Repeat the data exactly, leaving out any image.

**Dataset content**
◇ ◇ ◇ ◇ ◇
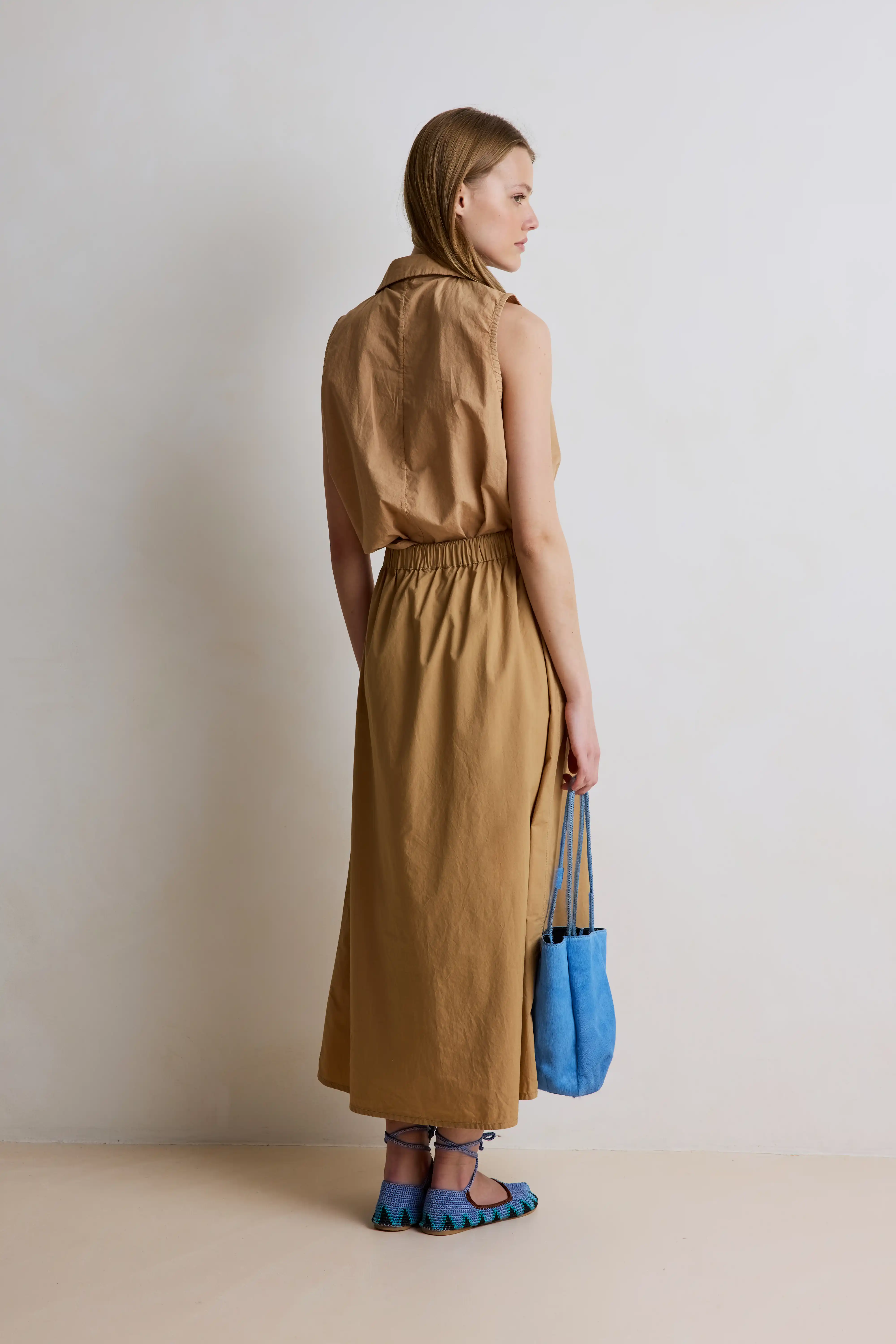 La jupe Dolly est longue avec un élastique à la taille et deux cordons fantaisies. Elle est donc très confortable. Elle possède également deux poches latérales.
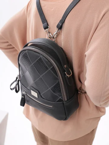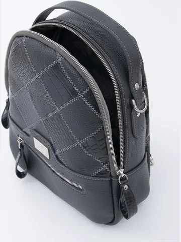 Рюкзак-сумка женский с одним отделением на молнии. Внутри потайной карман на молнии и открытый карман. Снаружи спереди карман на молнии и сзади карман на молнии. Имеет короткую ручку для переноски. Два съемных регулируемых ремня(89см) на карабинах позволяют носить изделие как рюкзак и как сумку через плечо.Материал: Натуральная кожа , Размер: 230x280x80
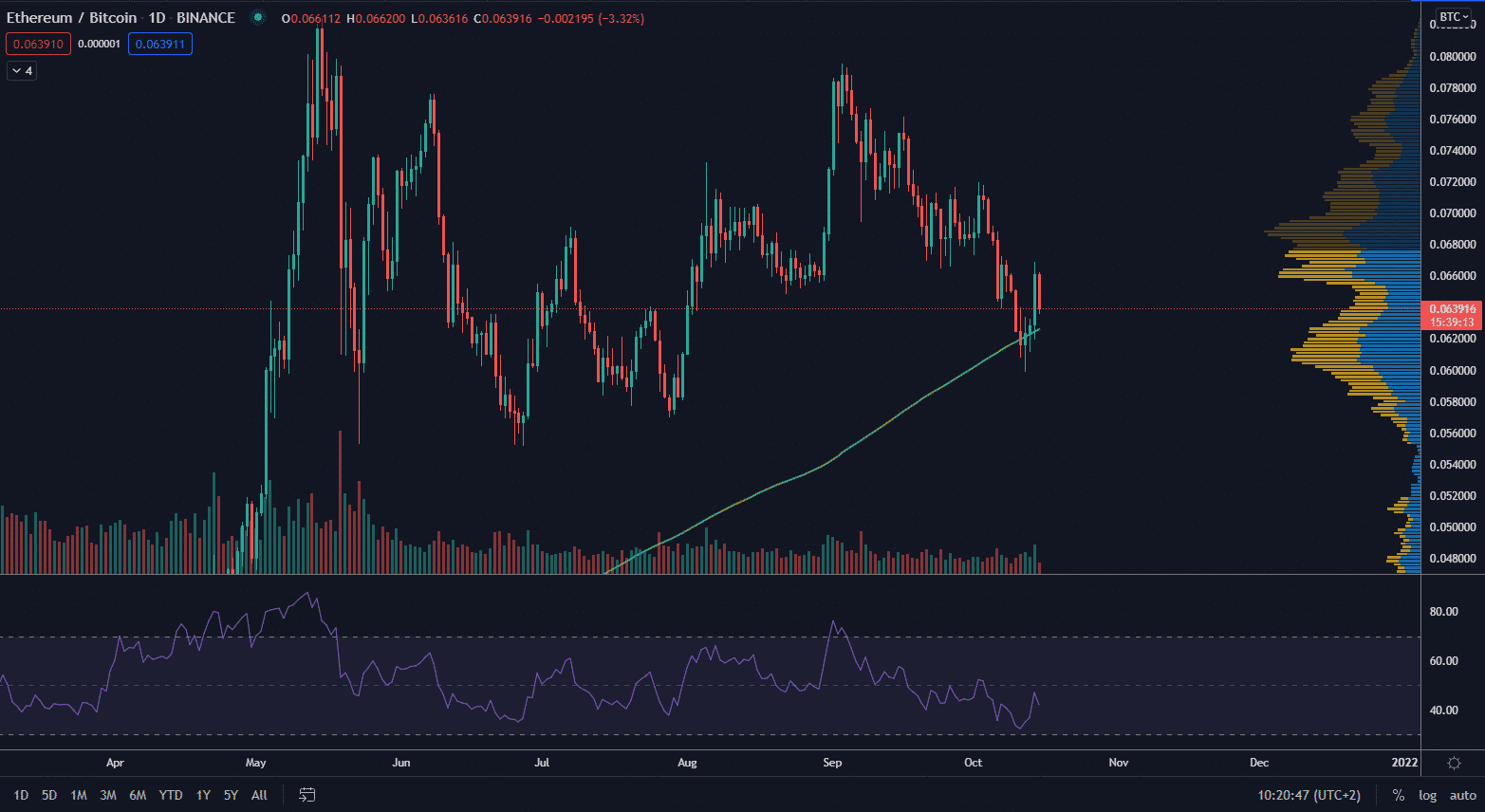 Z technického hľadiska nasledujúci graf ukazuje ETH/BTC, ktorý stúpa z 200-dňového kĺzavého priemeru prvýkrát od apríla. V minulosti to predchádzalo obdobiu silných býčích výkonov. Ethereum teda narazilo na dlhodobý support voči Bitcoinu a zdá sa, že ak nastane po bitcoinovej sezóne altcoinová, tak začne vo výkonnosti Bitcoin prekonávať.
◇ ◇ ◇ ◇ ◇
**Result of the task**
 La jupe Dolly est longue avec un élastique à la taille et deux cordons fantaisies. Elle est donc très confortable. Elle possède également deux poches latérales.
 Рюкзак-сумка женский с одним отделением на молнии. Внутри потайной карман на молнии и открытый карман. Снаружи спереди карман на молнии и сзади карман на молнии. Имеет короткую ручку для переноски. Два съемных регулируемых ремня(89см) на карабинах позволяют носить изделие как рюкзак и как сумку через плечо.Материал: Натуральная кожа , Размер: 230x280x80
 Z technického hľadiska nasledujúci graf ukazuje ETH/BTC, ktorý stúpa z 200-dňového kĺzavého priemeru prvýkrát od apríla. V minulosti to predchádzalo obdobiu silných býčích výkonov. Ethereum teda narazilo na dlhodobý support voči Bitcoinu a zdá sa, že ak nastane po bitcoinovej sezóne altcoinová, tak začne vo výkonnosti Bitcoin prekonávať.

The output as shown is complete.